Max Brod schreibt über dieses Manuskript: "Es handelt sich um die Ausarbeitung eines polemischen Gedankens gegen mich, um Kafkas Antwort auf zwei Artikel von mir, die in der Berliner Wochenschrift "Gegenwart" (Herausgeber Ernst Heilborn) am 17. und 24. Februar 1906 unter dem Titel "Zur ństhetik" erschienen sind.
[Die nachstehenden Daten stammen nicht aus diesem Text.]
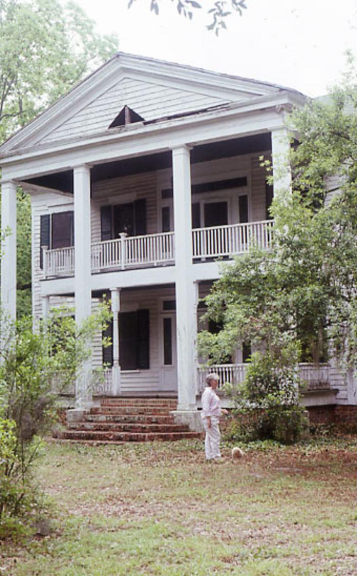 (Ellison Durant Smith House) Tanglewood Plantation was built by the Rev. William H. Smith (1819-1882) c. 1850. A two-story clapboard structure, Tanglewood was the home of several outstanding South Carolinians who were involved in both religious and political affairs. Among these were Ellison Durant “Cotton Ed” Smith, United States Senator from 1908 to 1944, and Alexander Coke Smith, Bishop of the Methodist Conference from 1902 until 1906. The house is typically Greek Revival in style, featuring a two-story pedimented front portico with symmetrical bays on either side, double entrance on both floors, and interior decorative motifs. The portico is supported by four square columns on freestanding brick piers and is divided into an upper and lower gallery. The house is supported by brick piers, the spaces between which have been filled in with new brick construction. Twin interior chimneys with corbeled caps protrude through the roof at its crest. There are also two exterior chimneys. A two-story projecting wing was added to the west façade in 1915, as well as a kitchen ell alteration to the south (rear) façade. Outbuildings include a pine clapboard kitchen building, a round-cut log constructed smokehouse, and a one-room schoolhouse. Listed in the National Register September 22, 1977.

In diesen Artikeln hatte ich schlicht und in jugendlichem Leichtsinn (damals war ich noch nicht 22 Jahre alt) behauptet, die Kategorie "schön" sei einfach durch die Kategorie "neu" zu ersetzen. Die "neue Apperzeption" oder "Wahrnehmung plus innerliche Verarbeitung des neuen Eindrucks", wie ich sie im Anschluß an Herbart und Wundt definierte, stelle das Wesen der Schönheit dar.
Meine Freunde Felix Weltsch und Kafka protestierten heftig. ...
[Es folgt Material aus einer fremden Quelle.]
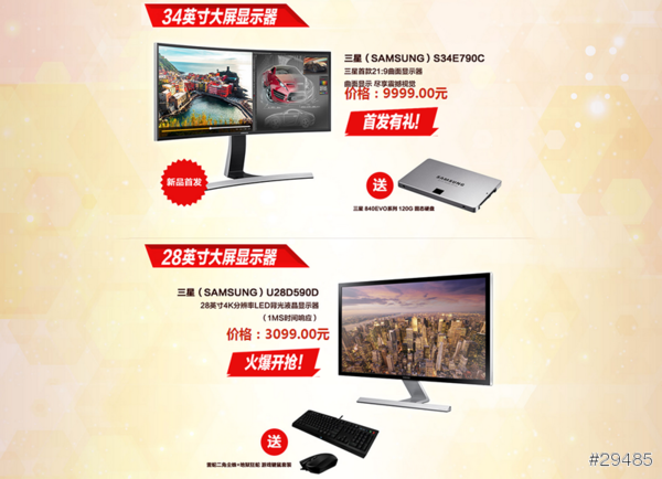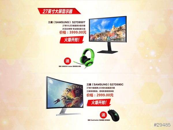 有好多型号的显示器呢,越大屏送的礼物越大,大家抓住机会呀,对了上图不是所有的型号,除了图中的型号还有:S27D590P S27D360H S24D390HLW S23C350B一共10款显示器总有一款你喜欢吧,我中意的就是三星曲面S27D590C

Kafka aber war durch mein Postulat gereizt. Und schrieb, wiewohl damals gerade an seinen juristischen Schlußprüfungen laborierend (Brief vom 16. März 1906), die folgenden Seiten nieder, die er dann wohl mir überreicht hat. - Die Schrift ist gotisch, sogenanntes Kurrent. Der Duktus genau wie in der "Beschreibung des Kampfes", an die auch die schulmäßige Einteilung a), b), c) usw. erinnert. ...
Das Manuskript besteht aus drei Oktavblättern, jedes zwei Seiten umfassend, mit Bleistift geschrieben, stellenweise verwischt, schwer lesbar. Eines der Worte konnte nicht mit Sicherheit entziffert werden. - Auf dem letzten Blatt ist nur eine Seite beschrieben und der Text bricht ab. Die Größe der Blättchen: 17 cm hoch, 10,5 cm breit. Das letzte Blatt um 2 cm weniger hoch." [Max Brod: Der Prager Kreis. - Stuttgart u.a. : Kohlhammer, 1966. S. 93 - 95.]